The present disclosure relates generally to the field of multimedia stream communications. More specifically, an aspect of the present disclosure provides systems and methods for real-time user verification and modification of a multimedia stream that includes the user.
During online interviews or other online interactions, a person's accent or looks may influence the outcome of the interaction (e.g., interview). On the other hand, during a video conference, if a user uses an avatar, it may not be possible to know if the user is who they say they are.
Accordingly, there is interest in improving multimedia steam communications.
The present disclosure relates generally to the field of multimedia steam communications. More specifically, an aspect of the present disclosure provides systems and methods for real-time user verification and modification of a multimedia stream that includes the user.
In accordance with aspects of this disclosure, a system for real-time verification and modification of a multimedia stream is presented. The system includes a processor and a memory. The memory includes instructions stored thereon, which, when executed by the processor, cause the system to: access a real-time multimedia stream of a user. The real-time multimedia stream includes a real-time image of the user and a real-time speech of the user. The instruction, when executed by the processor, further cause the system to determine a facial mapping of the user based on the real-time image of the user; authenticate an identity of the user based on the facial mapping of the user, in response to the authenticated identity of the user generate a mask of the user based on the facial mapping of the user, modify the real-time multimedia stream to display the mask on the user, determine feedback based on analyzing the real-time multimedia stream of the user, and display the feedback in real-time. The feedback includes a feedback score or a visual representation of a quality of an engagement of the user.

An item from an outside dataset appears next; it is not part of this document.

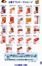 そして、間食、おやつは、この信号機には入っていません。あくまで“おまけ”です。何を食べてもいいし、おやつを食べてはいけないわけではないけれど、食べる時間や量を加減するようにと申し上げます。本来は、指示エネルギー量の範囲内に、間食も納めるべきということになっていますが、なかなかできない方が多い。ですから、患者さんには“おまけ”なので、食べ過ぎたらダメなんですよ、という危機感を持ちながら摂ってもらう。そうですね、指示エネルギー量の1割以内位なら許せる範囲でしょうか。食べるなとは言わないけど、それ以上は摂らないように、としています。そして、おやつにはいろいろな種類、内容があるので、選び方、調理のしかた、味付けのしかたなど、工夫できることはやってみましょう、という提案や、おやつのカロリーについて、資料を使い、なるべく具体的に情報提供して、患者さん自身でチェックしながら食べていただくようにします。
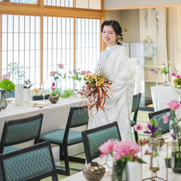 純日本風に統一され独立したプライベート空間での少人数の挙式+食事会プランが登場!窓の外には日本庭園が広がり自然に包まれているような佇まいで美食を楽しみながら家族とゆっくりお過ごしください

In an aspect of the present disclosure, the instructions, when executed by the processor, may further cause the system to generate a modified real-time speech of the user based on the real-time speech of the user. The modified real-time speech of the user may be different from the real-time speech of the user.
In another aspect of the present disclosure, the modified real-time speech may include a modified accent, emotion, demeanor, and/or inflection.
In yet another aspect of the present disclosure, the real-time image of the user may be modified by a pre-determined avatar selected by the user.
In a further aspect of the present disclosure, the instructions, when executed by the processor, may further cause the system to determine that the feedback score is below a threshold value and provide a visual warning that the feedback is below the threshold value.
In yet a further aspect of the present disclosure, the real-time multimedia stream of a user may include biometric data. Determining feedback may include providing biometric data as an input to a machine learning network and predicting the feedback by the machine learning network.
In an aspect of the present disclosure, the instructions, when executed by the processor, may further cause the system to display a review screen. The review screen includes a multimedia review and replay the multimedia stream.
In another aspect of the present disclosure, authenticating the identity of the user may be further based on a unique ID stored in a blockchain.
In yet another aspect of the present disclosure, the visual representation of the quality of an engagement of the user may include a circular graph and/or a bar chart.
In a further aspect of the present disclosure, the instructions, when executed by the processor, may further cause the system to generate a final report after completion of the real-time multimedia stream. The final report may include a scrollable timeline and feedback correlated to a time of the timeline.
In accordance with aspects of this disclosure, a computer-implemented method for real-time verification and modification of a multimedia stream includes: accessing a real-time multimedia stream of a user, the real-time multimedia stream including a real-time image of the user and a real-time speech of the user, determining a facial mapping of the user based on the real-time image of the user, authenticating an identity of the user based on the facial mapping of the user, generating a mask of the user based on the facial mapping of the user in response to the authenticated identity of the user, modifying the real-time multimedia stream to display the mask on the user, determining feedback based on analyzing the real-time multimedia stream, and displaying the feedback in real time.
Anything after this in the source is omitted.